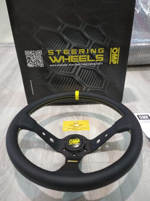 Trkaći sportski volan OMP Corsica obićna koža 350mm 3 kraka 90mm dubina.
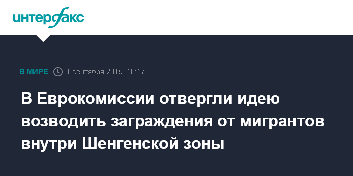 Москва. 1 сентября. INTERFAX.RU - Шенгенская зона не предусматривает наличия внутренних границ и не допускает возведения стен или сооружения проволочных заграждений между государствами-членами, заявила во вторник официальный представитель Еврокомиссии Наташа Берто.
...
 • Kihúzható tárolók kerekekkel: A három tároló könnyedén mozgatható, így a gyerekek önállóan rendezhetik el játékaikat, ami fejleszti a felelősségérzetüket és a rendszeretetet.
---
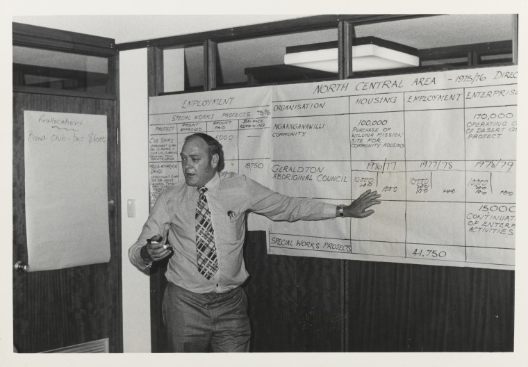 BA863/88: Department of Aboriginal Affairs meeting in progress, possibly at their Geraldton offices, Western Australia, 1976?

> [Assignment] Would you please repeat only the lines above, beginning at the one that has "Trkaći sportski volan" and stopping after the one that has "Москва. 1 сентября.", exactly and with no pictures?

> [Exercise result]
 Trkaći sportski volan OMP Corsica obićna koža 350mm 3 kraka 90mm dubina.
 Москва. 1 сентября. INTERFAX.RU - Шенгенская зона не предусматривает наличия внутренних границ и не допускает возведения стен или сооружения проволочных заграждений между государствами-членами, заявила во вторник официальный представитель Еврокомиссии Наташа Берто.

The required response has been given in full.